(Task instructions) With the pictures left out, set down the line containing "附件:凉山州会东县2023年上半年公开考试招聘事业单位工作人员岗位和条件一览表" and each line after it to the end of the material, exactly as written.

:: Data shown ::

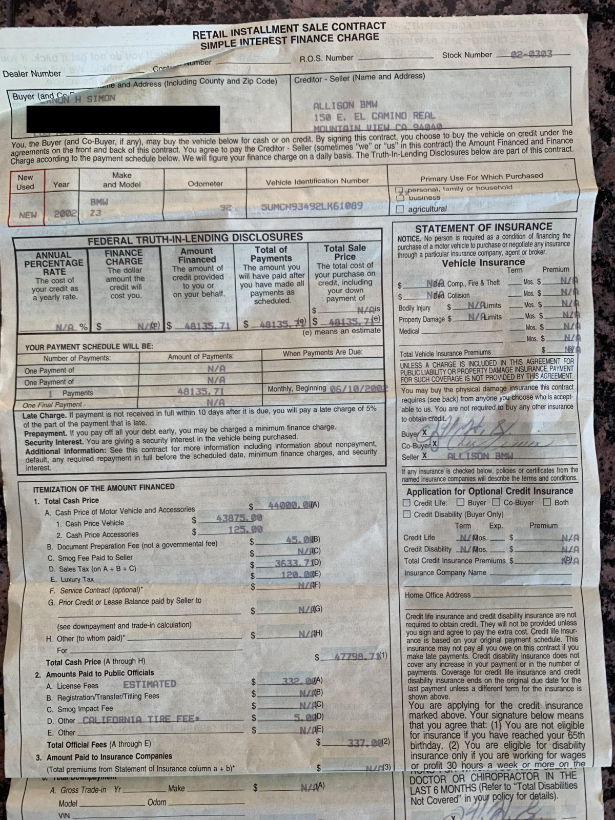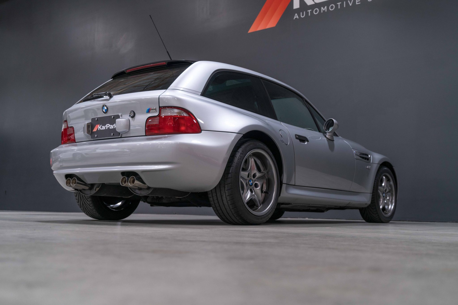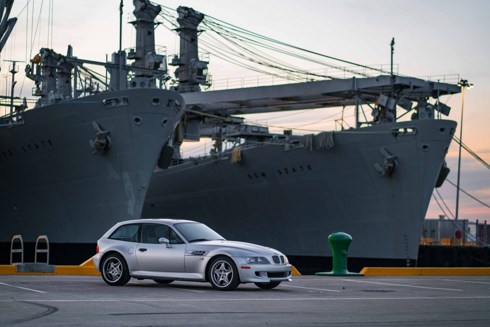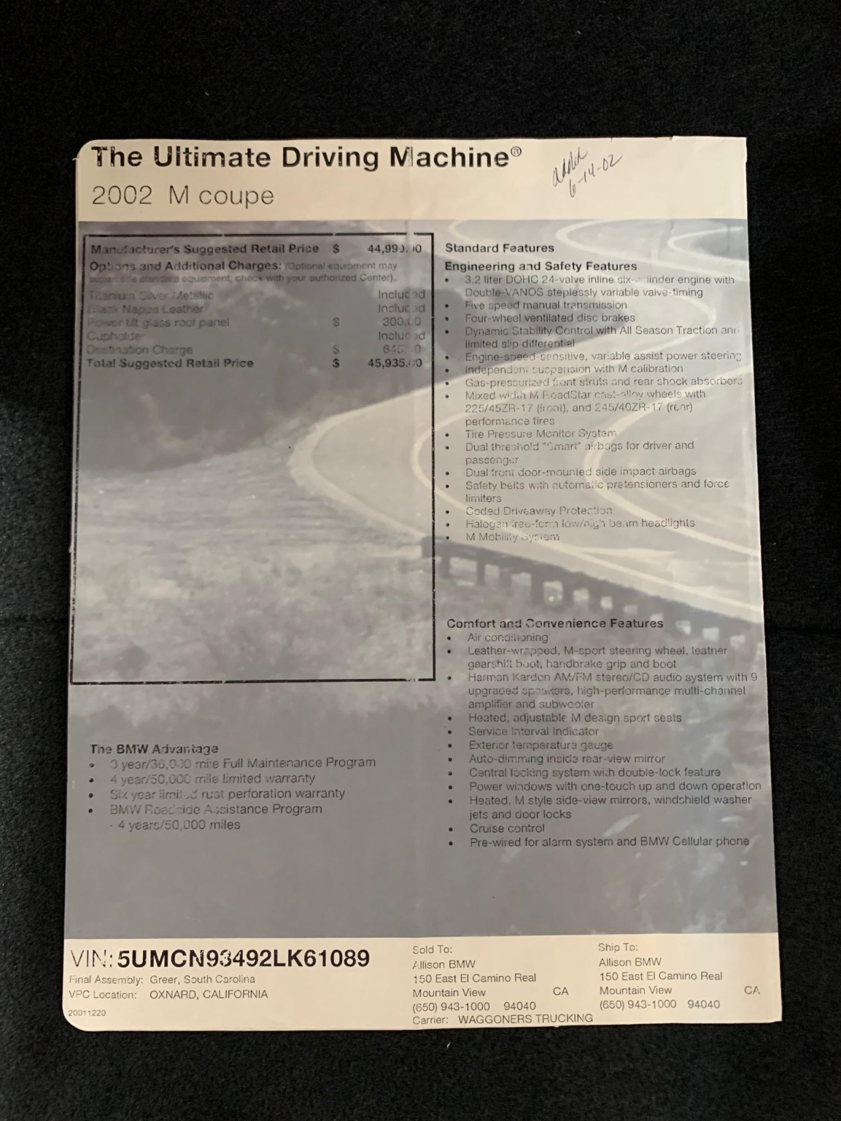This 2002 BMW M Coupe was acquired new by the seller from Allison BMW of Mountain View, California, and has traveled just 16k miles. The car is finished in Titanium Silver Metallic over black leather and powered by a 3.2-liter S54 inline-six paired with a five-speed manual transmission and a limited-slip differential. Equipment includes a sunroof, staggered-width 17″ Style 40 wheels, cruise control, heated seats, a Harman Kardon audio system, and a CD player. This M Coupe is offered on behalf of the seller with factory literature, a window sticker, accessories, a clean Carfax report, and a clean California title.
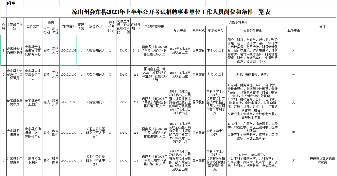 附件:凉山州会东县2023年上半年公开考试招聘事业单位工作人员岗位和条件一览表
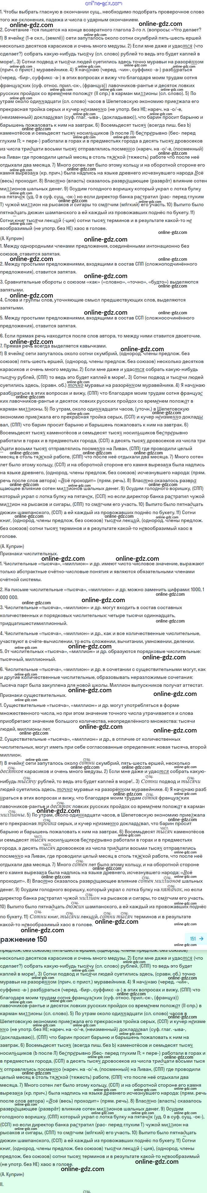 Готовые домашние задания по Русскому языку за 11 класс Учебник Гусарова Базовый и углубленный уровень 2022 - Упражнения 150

:::

(The completed task)
 附件:凉山州会东县2023年上半年公开考试招聘事业单位工作人员岗位和条件一览表
 Готовые домашние задания по Русскому языку за 11 класс Учебник Гусарова Базовый и углубленный уровень 2022 - Упражнения 150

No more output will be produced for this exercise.